How to make the OO /u/ vowel
Let’s first talk about how to make the OO vowel.
Even though the OO vowel is a monophthong, which means there is only one vowel sound, native speakers pronounce this vowel with two lip positions. At the beginning of the vowel, the lips are more relaxed. Then as you progress through the vowel, the lips round into a tight circle. So you can think of the OO vowel as having movement in the lip placement. The lips begin as more relaxed, and then the lips move into a tightly rounded position.
Now let’s see the OO vowel in a word like too. Notice how the lips are more neutral at the beginning of the vowel, and then they round into a tight circle at the end of the vowel.

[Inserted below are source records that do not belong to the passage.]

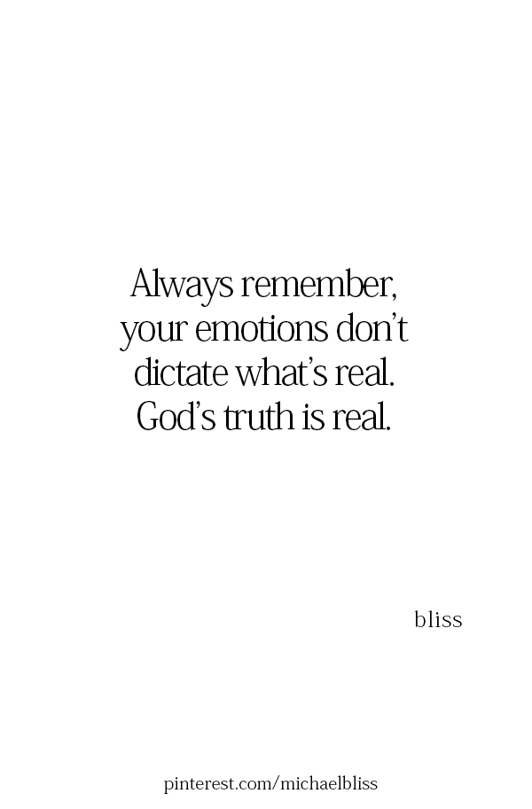 Truth and Emotion: Emotions are NOT a reliable guide when deciding what is true and what is good. While emotions are a gift from God, they ought never to be exalted to a place where we are relying on them to decide what is true and good. One should not minimize or exalt emotions. Have you heard of the phrase, “Stay in your lane.” I think that this applies to the emotional life. Emotions must be told to “stay in their lane,” being neither minimized nor exalted. The moment we start determining what is true or not true based on what we feel, we are in trouble. It is a slippery slope that is bound to lead to a VERY unstable life.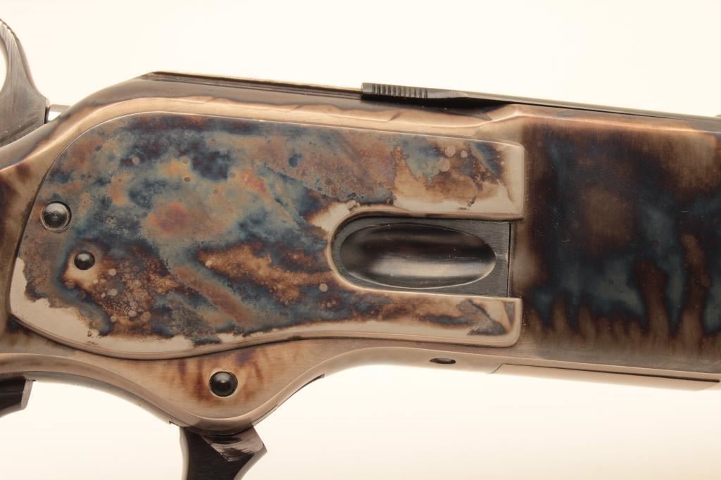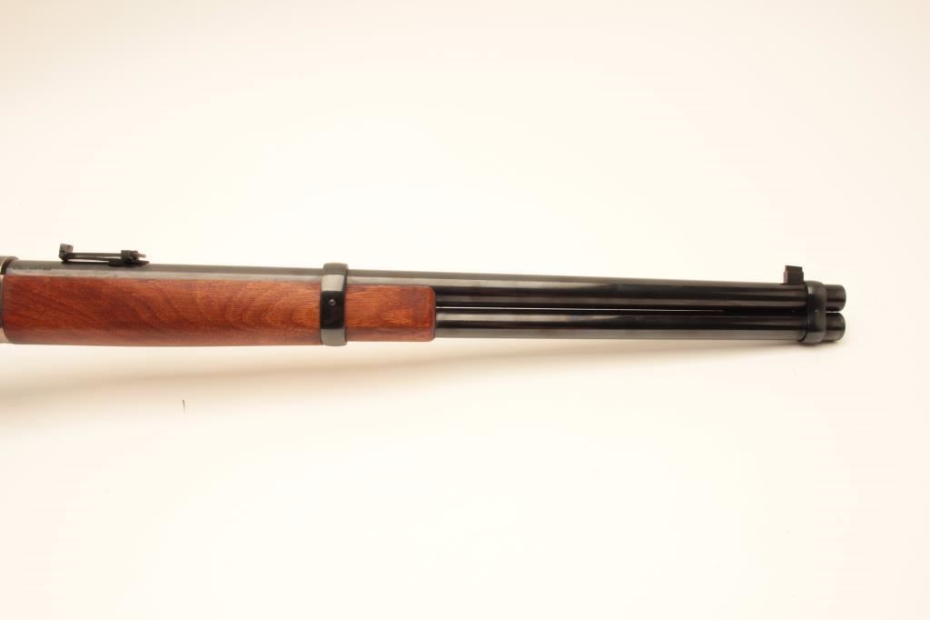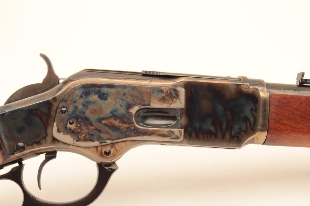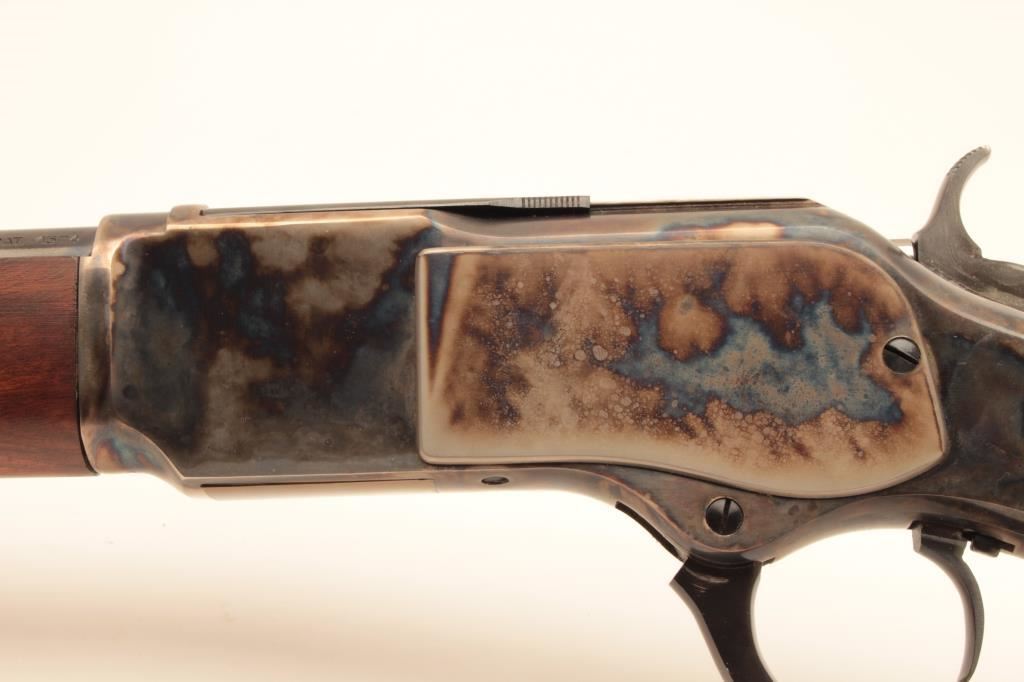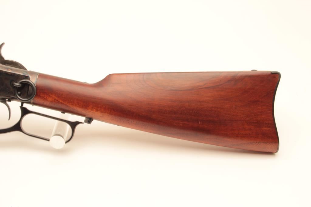 Uberti Model 73 lever action saddle ring carbine, .44-40 caliber, Serial #48392. The carbine is in fine overall condition with a 20” round barrel with a blade front and tangent style rear sights. The barrel and full-length magazine retain nearly all of their blue finish while the receiver is beautifully case colored, with the saddle ring retained. The smooth wood stocks are in very good condition with only light handling marks and the butt ends with a smooth, steel butt plate. The bore is very good, the action is crisp and markings are sharp on this lightly used carbine. Est.: $350-$700. (Modern).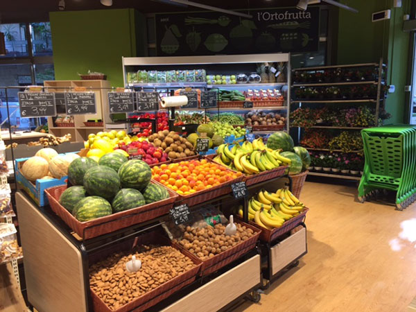 Il reparto ortofrutta, collocato all'ingresso del negozio
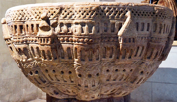 La bellísima pila bautismal de Redecilla del Camino semeja una ciudad amurallada, defendida por ocho torreones. Imagen de José Holguera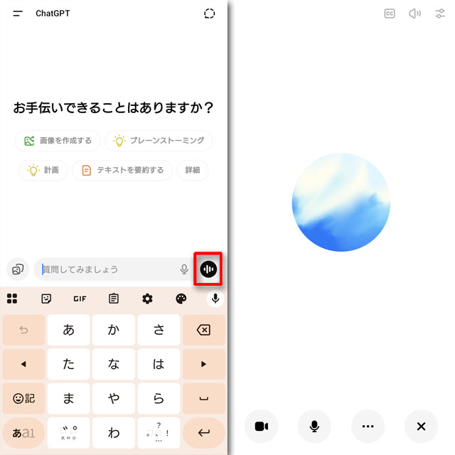 アプリを開くと通常は左の画面が登場しますが、そこでLiveチャットボタンを押すと、トークモードに入ります。Geminiと一緒ですね。

When the OO vowel comes at the end of a word, native English speakers will hold out the vowel, just a bit longer, and the voice will glide down. OO. Too. It’s not OO with a short, flat voice. It’s OO, with an elongated vowel that glides down at the end. OO. Too.
This is called gliding, as the vowel glides down in pitch when it occurs at the end of a word. This might be different than how the OO vowel is pronounced in your native language. For example, in Spanish, the word tú is said with a shorter OO vowel. Tú. But in English, the word too has a longer OO vowel that glides down in pitch at the end. Too.
Stressed OO /u/ vs. unstressed OO /u/
When the OO vowel is in a stressed syllable, the pitch of the voice glides up and then down. OO. Too. But when OO is in an unstressed syllable, the pitch of the voice may be flatter, and the vowel may be said faster and at a lower pitch. OO. The OO vowel is unstressed in a word like duet.
On the left is the stressed OO vowel in the word too, and on the right is the unstressed OO vowel in the word duet. Notice how the lip position is identical - both vowels are made with tightly rounded lips. But the unstressed vowel may still sound different from the stressed vowel because the unstressed vowel will be said at a lower pitch and volume, and may also be said faster than the stressed vowel.
Stressed OO. Too. OO. Unstressed OO. Duet. OO.
Practice words and sentences
Here are some practice words and sentences.
Shoes. OO. Shoes.
Put your shoes on, please.
Zoo. OO. Zoo.
The San Diego Zoo is the best!
Igloo. OO. Igloo.
I’ve never slept in an igloo.
Cashews. OO. Cashews.
I love to eat cashews.
Blue. OO. Blue.
The blue sky is beautiful today.
Canoe. OO. Canoe.
Let’s take the canoe out onto the lake!